Sunday 18 December 2011

Around the world in cookies - Christmas Flowers Poland



The holiday season brings with it a host of inevitables: You will, no matter what, forget where you stashed the wrapping paper last year. You will, every year, shake your head at the number of presents your children receive. You will cringe, unfailingly, at each January’s credit card bill.

Luckily, there are pleasantly ubiquitous traditions that are a delight to welcome back every December. For most families, holiday cookie baking is the prime example.

Each household has its classic cookies, whether gingerbread or frosted sugar or chocolate chip. But while some traditions are not to be altered, holiday baking benefits from an infusion of new recipes each year, especially when they borrow from other cultures.

At Delightful Pastries in Jefferson Park, owner Dobra Bielinski has made it her mission to stock the retro bakery cases with as many types of globally inspired cookies as she can. After a childhood spent in Poland, Vienna and South Africa, Bielinski has acquired a distinctly international approach to holiday treats.

“I think every culture has a fabulous cookie that should be included in my repertoire,” she says. “We do Czech, Hungarian, Austrian, Sicilian, French, German, Mexican and American styles at the bakery. If there is a cookie out there, I usually know about it because I’ve tried to make it.”

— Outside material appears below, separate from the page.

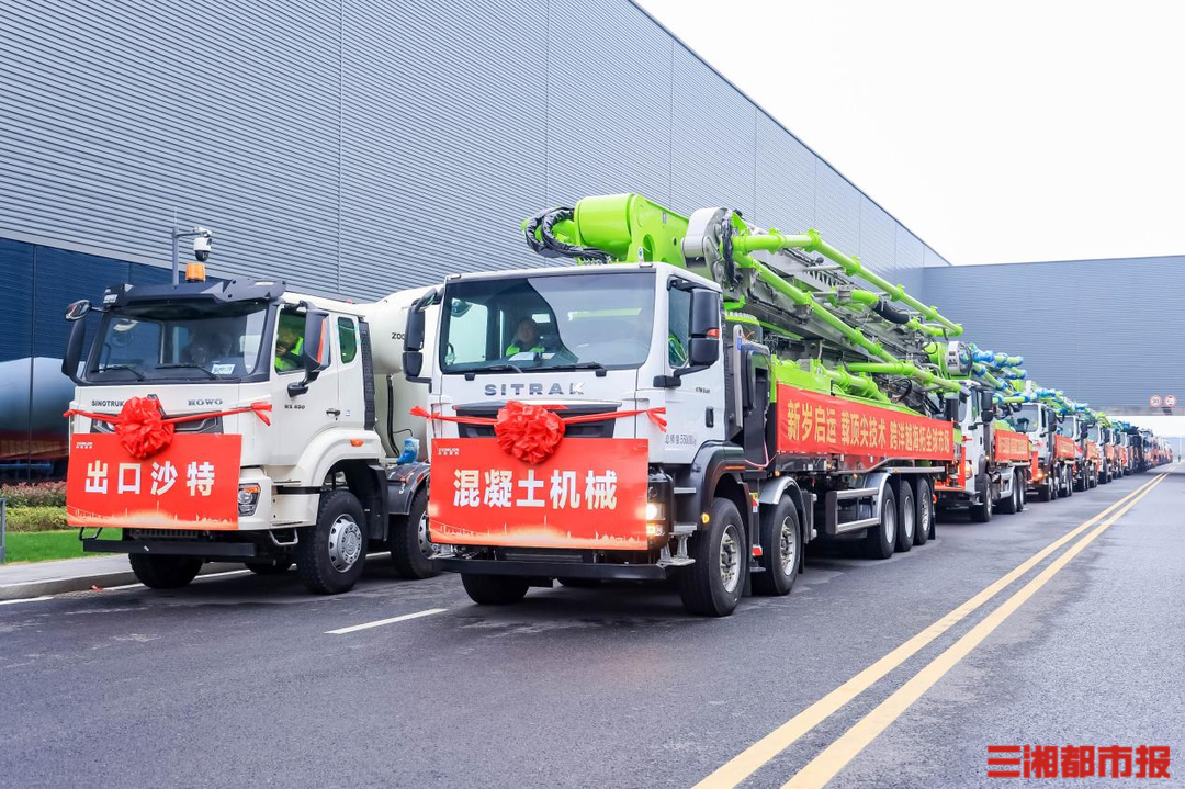 38吨级挖掘机、全球首款载重百吨矿用宽体自卸车ZT160HEV等超1300台、总金额超9亿元的土方机械与矿山机械设备分别从智慧产业城、渭南园区、宁乡园区发往国内各地以及欧洲、东南亚、中东等海外地区,将为全球建设注入强大动力。

One of Bielinski’s perennial favorites is a Mexican wedding cookie, a simple-to-make drop cookie with holiday flavors of toasted pecans and confectioners’ sugar.

“As much as we call it a Mexican wedding cookie, it’s also a quintessentially American cookie. In Texas, California, Arizona and New Mexico, traditionally everyone had pecan trees growing,” Bielinski says. “People would make these for parties, hence the name Mexican wedding cookies.”

The recipe is a simple one for families to make together, because fun and easy tasks like rolling the dough into balls and dunking it in confectioners’ sugar are perfect ways for children to participate. The earthy, nutty flavor of the dough is complemented by the sweetness of the confectioners’ sugar, an antidote to the overly frosted and glazed cookies that line shelves around this time of year.

While baking with family can be a way to explore other cultures’ traditions, for some, ethnic recipes are all about reconnecting with one’s roots.

At Sixteen, the restaurant in the Trump Tower Chicago, pastry chef Sarah Kosikowski is used to making delicate, refined confections and desserts. When she thinks of her favorite holiday cookie, though, it’s her grandmother’s rustic chrusciki (kroo-SHEE-kee), or “angel wings,” that supply that ultimate dose of nostalgia.

“My great-grandmother lived in Detroit, and christmas flowers poland  Eve was her big party every year. If you were the lucky one to be standing in the kitchen while she was frying the chrusciki, you’d have powdered sugar all over your mouth,” Kosikowski remembers. “She would never make them ahead of time. Pierogies and other dishes, could make in advance, but not the chrusciki. It’s something I remember always eating fresh.”

The beautiful twists of dough that shape these Polish cookies must be fried in lard or other oil, then quickly tossed with confectioners’ sugar. They will last on a tray for a few hours, but are best eaten while still warm before the sugar and fried dough harden like a funnel cake.

While adults watch batches of dough crisp to a golden brown in the fryer, younger children can be enlisted to dust sugar over the dough ribbons.

Kosikowski says the cookies are a perfect marriage of traditional rusticity and holiday elegance. After all, lard is hardly a refined cooking oil, but the shape of the cookies and their delicate sweetness elevate them to a dessert worthy of serving to company or giving as a gift.

“It’s simple, but it’s an example of the Old World tradition coming back,” she says. “I am absolutely considering putting these on our christmas flowers poland blogs brunch menu at Sixteen. We’re still in the Midwest, where people love that sense of heritage and tradition.”

Whether you’re exploring other cultures’ recipes or sticking to your own family’s favorites, Bielinski says you can never go wrong by making a double batch of cookies.

“In this economy, all of us are forced to work harder for less money,” she says. “When you take the time to bake something for someone else, even after a 50- or 60-hour work week, I think that says a lot.”

Kate Bernot is a Chicago free-lance writer.